Plucked out of thin air, Palestrina thought dazedly. From a world beyond the world’s edge. It was—in its own way—a sort of miracle. “All right,” he said. “I’ll be there.”
“Excellent,” Neumann said.
Cardinal Palestrina dressed hastily and drew a heavy fur coat around himself as he left the room. He stopped in the hotel lobby to buy a coffee in a waxed-cardboard cup—so hot it scalded his lips—and then hailed a taxi from the icy margin of the street.
2
Laura could not say just when or how she became separated from her sister.

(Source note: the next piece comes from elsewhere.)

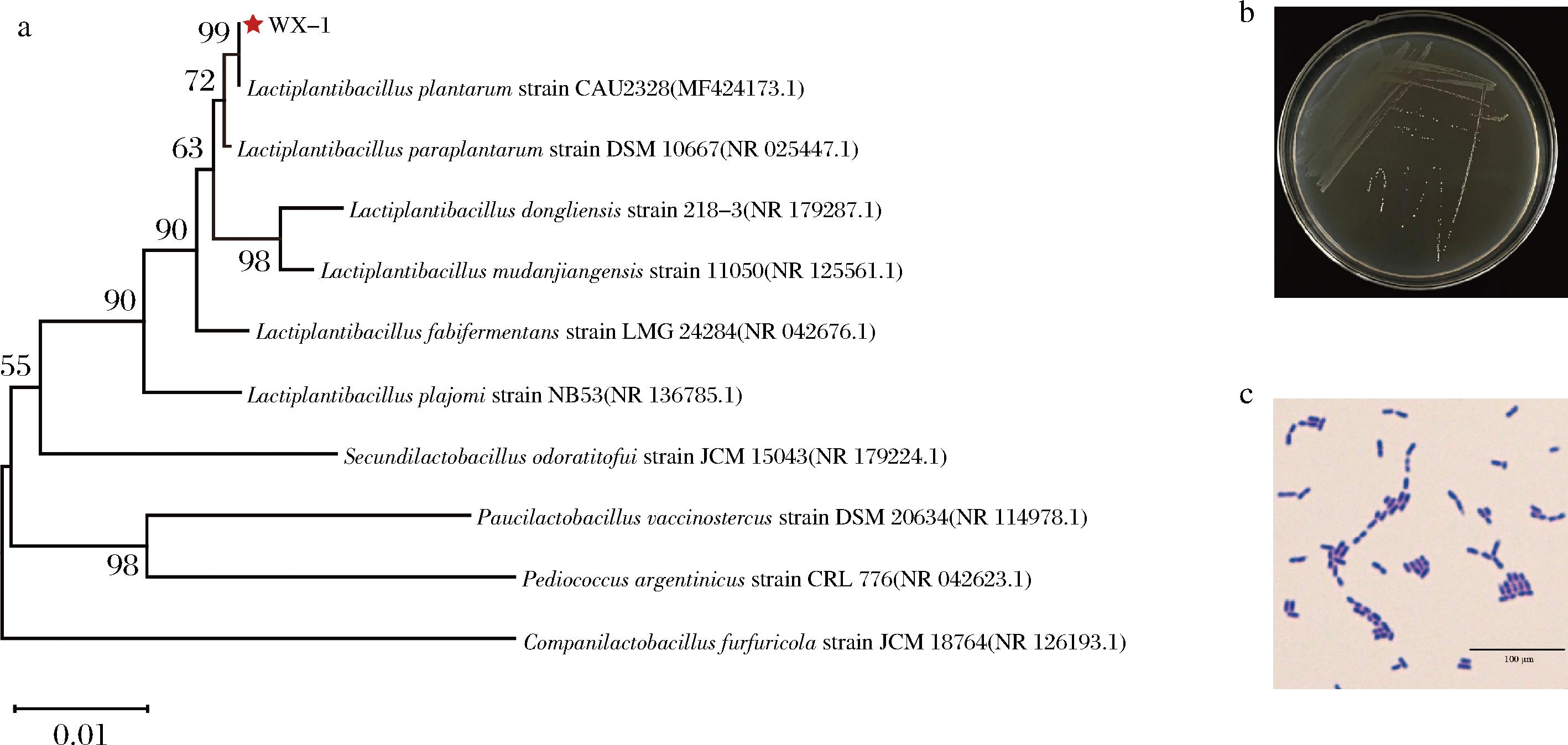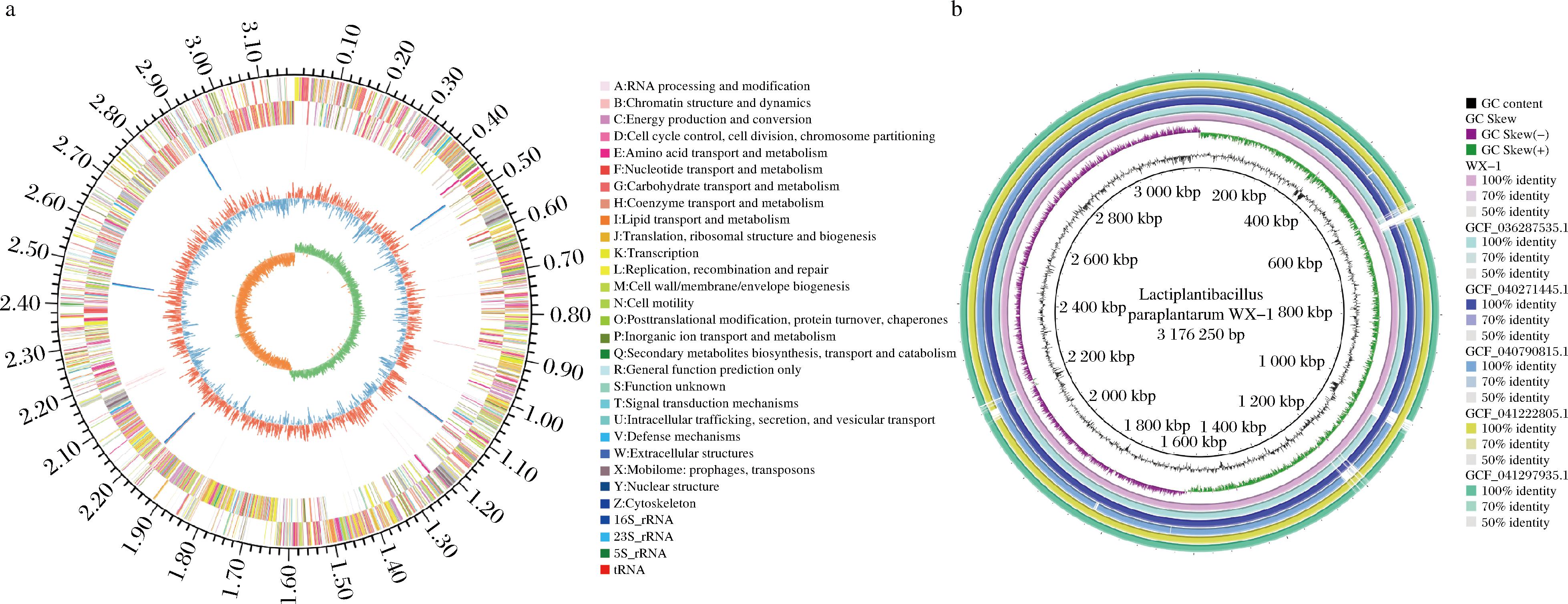 将2%(体积分数)的WX-1接种至MRS液体培养基中,37 ℃培养24 h后离心取菌体送至上海美吉生物科技有限公司进行全基因组测序。结合二代Illumina HiSeq和三代PacBio Sequel测序平台完成全基因组测序。对测序数据采取质控手段,去除adapter序列,剪切去除5’端含有非A、G、C、T的碱基,修剪测序质量较低的reads末端 (测序质量值 1.3.8 基因组功能注释与分析 利用Glimmer (http://ccb.jhu.edu/software/glimmer/index.shtml),GeneMarkS,Prodigal软件对基因组中的编码序列 (CDS) 进行预测。使用Prokka (version 1.12) 进行蛋白质编码基因的基因预测和计算注释,利用Swiss-Prot、Pfam、NR、COG、KEGG、GO等功能数据库对基因组序列进行功能注释。采用BAGEL4 (http://bagel4.molgenrug.nl) 和antiSMASH软件 (http://antiSMASH.secondarymetabolites.org/),鉴定了次级代谢物生物合成基因簇。 基于16S rDNA测序,选取部分乳酸菌标准菌株的16S rDNA序列,使用MEGA 11构建系统发育树。如图1-a所示,WX-1与植物乳植杆菌(Lactiplantibacillus plantarum) 的同源性最高,进一步确定该菌株为植物乳植杆菌。将WX-1的16S rDNA序列上传至NCBI数据库中,获取登录号PRJNA1202526。植物乳植杆菌WX-1保藏至菌种保藏中心,保藏号为CCTCC NO:M 20242501。植物乳植杆菌WX-1在MRS固态培养基上的菌落较小 (直径约1~2 mm),乳白色,表面光滑微凸起,边缘完整,呈规则圆形 (图1-b);革兰氏染色呈紫色,为革兰氏阳性菌,其细胞为短杆状,单个、成对或短链状 (图1-c)。 a-基于16S rRNA序列建立的系统发育树;b-菌落形态;c-显微形态图 图1 WX-1的鉴定及形态学观察 Fig.1 Identification and morphological observation of WX-1 2.2.1 酸和胆盐的体外耐受性 能否在人类胃肠道恶劣条件下生存是将菌株视为益生菌的一个先决条件。当植物乳植杆菌WX-1在pH为3的环境下进行培养,其活菌数随着培养时间的增加呈现逐渐降低的趋势,在0、2、4 h的活菌数分别为(7.10±0.8)×106、(6.60±0.42)×106、(4.33±0.25)×106 CFU/mL,当培养时间为4 h时菌株存活率仍可达到(61.29±3.48)%。 在不同胆盐浓度下,WX-1的活菌数随着时间的延长呈上升趋势 (表1)。通过酸和胆盐耐受评价,发现菌株WX-1具有较好的酸、胆盐耐受能力。 表1 植物乳植杆菌于不同胆盐浓度下的存活 Table 1 Survival of L.plantarum in different bile salt concentrations 牛胆盐质量浓度/ mg/mL 活菌数/ CFU/mL 0h2h4h3 8.25±0.21 ×106c 1.62±0.17 ×107b 1.05±0.032 ×108c6 9.75±0.49 ×106b 1.82±0.42 ×107b 1.17±0.21 ×108a9 6.62±0.68 ×106c 1.78±0.56 ×107b 1.25±0.02 ×108a12 5.85±0.07 ×106b 2.30±0.54 ×107b 1.33±0.27 ×108a 注:不同小写字母表示差异显著(P<0.05)。 2.2.2 植物乳植杆菌WX-1抑菌能力 对菌株WX-1的无细胞上清液的抑菌能力进行测定。经12 h培养的植物乳植杆菌WX-1上清液对金黄色葡萄球菌有较强的抑制作用,其抑菌圈直径达到(24.93±0.56) mm,抑菌率为(72.3±0.62)%。显著优于刘佳等[20]筛选的Bacillus subtilis 64-3对金黄色葡萄球菌的抑菌效果(最大抑菌圈直径为19.48 mm)以及植物乳植杆菌FCa3L与8PA3对金黄色葡萄球菌的抑菌效果,其最大抑菌圈直径为(7.20±0.45)、(1.75±0.95) mm[21]。 2.2.3 自聚集、共聚集 益生菌需要具备在宿主肠道内有效定植并能阻止病原菌在肠道定殖的能力。乳酸菌的自聚集是体外评估其黏附肠道细胞能力的一个重要指标菌株。根据自聚集率,可将菌株的自聚集能力分为弱(16%~35%)、中等(35%~50%)、强(高于50%)[22],菌株WX-1的自凝能力随时间的延长而增加,在1、5、8 h分别达到(12.40±6.23)%、(27.47±5.16)%、(44.29±4.47)%。显著高于檀茜倩等[23]筛选出的L.plantarum PC715的自聚集能力(27.64%),说明菌株WX-1具有较好的黏附特性。 益生乳酸菌可以通过与病原菌共凝聚来降低胃肠道内病原体的群体水平,从而达到阻止病原体侵染宿主的效果[24]。根据试验结果,菌株WX-1的共凝聚能力为(11.13±4.23)%。 2.3.1 溶血试验 溶血试验结果显示,菌株WX-1未表现出溶血性,具有体外安全性,与赵丽娜[25]等研究结果一致。 2.3.2 抗生素敏感性 虽然已经确定大多数属于乳酸杆菌属的微生物对抗生素敏感,但某些菌株也表现出一定程度的耐药性。研究表明,不同植物乳植杆菌菌株对抗生素的耐药性可能存在差异。结果显示,WX-1对卡那霉素、氨苄西林、头孢噻肟、红霉素、四环素、氯霉素、克林霉素以及青霉素呈现较高敏感性,对氨基糖苷类抗生素:卡那霉素、庆大霉素以及链霉素有耐药性(表2)。由于卡那霉素、庆大霉素以及链霉素能够抑制蛋白质合成,但革兰氏阳性菌细胞壁厚,使得其不能进入细胞壁干扰细胞膜合成,因此具有一定耐药性[26]。 表2 菌株对常用抗生素的敏感性 Table 2 Susceptibility of strains to common antibiotics 抗生素类别抗生素药物质量/μg抑菌圈直径判断标准/mmRIS敏感性β-内酰胺类氨苄西林10≤1314~16≥17S头孢噻肟30≤2223~25≥26S大环内脂类红霉素15≤1314~22≥23S氨基糖苷类卡那霉素30≤1314~17≥18n.r.庆大霉素10≤1213~14≥15n.r.链霉素10≤1112~14≥15n.r.四环素类四环素30≤1112~14≥15S氯霉素类氯霉素30≤1213~17≥18S林可胺类克林霉素2≤1415~20≥20S青霉素类青霉素10≤1314~17≥18S 注:n.r.表示不敏感 将植物乳植杆菌WX-1全基因组序列上传至NCBI获得登录号:PRJNA1202526。使用Circos v.0.64生成菌株WX-1的基因组图谱(图2-a),菌株WX-1基因组长度为3 241 479 bp,GC含量为44.58%,基因组包括3 052个编码序列(coding sequences,CDSs)、16个16rRNA、75个tRNA、38个sRNA,包含一个完整的染色体序列和1个完整的质粒序列。其中染色体序列大小为3 1

It simply should not have been possible. The words repeated in her head like a cracked record: not possible. They had been together… she had been holding Karen’s hand. It was like that time back in Pittsburgh when they followed Tim into what she guessed now was some distant corner of the Novus Ordo. They were like kids, clinging to each other.
After they arrived here they had moved through the snow to the black iron gates of this ugly building through the long morning shadows across the courtyard. Michael was inside, Karen said. Laura couldn’t feel it but she took her sister at her word. Find him and get out, she thought. Because we can do that: we can step sideways out of here anytime we feel like it.
It was a reassuring idea.
But then, if that was true, why hadn’t Michael come home? How had they contrived to hold him?
But it was an unanswerable question. Just push on, she thought. On down these twining corridors now, corridors like the roots of some immense old tree reaching deep into the earth. The air was stale and smelled like anesthetic, with some cloying scent laid over that, like cloves. Turn and turn and turn in the dim light. It became automatic.
And then she paused and looked for Karen and Karen wasn’t with her.
The loss troubled her, but maybe not as much as it should have. She moved on in spite of it… not quite aimlessly, but without any goal she could name. It just happened. It was like sleepwalking. She felt asleep. She felt drugged.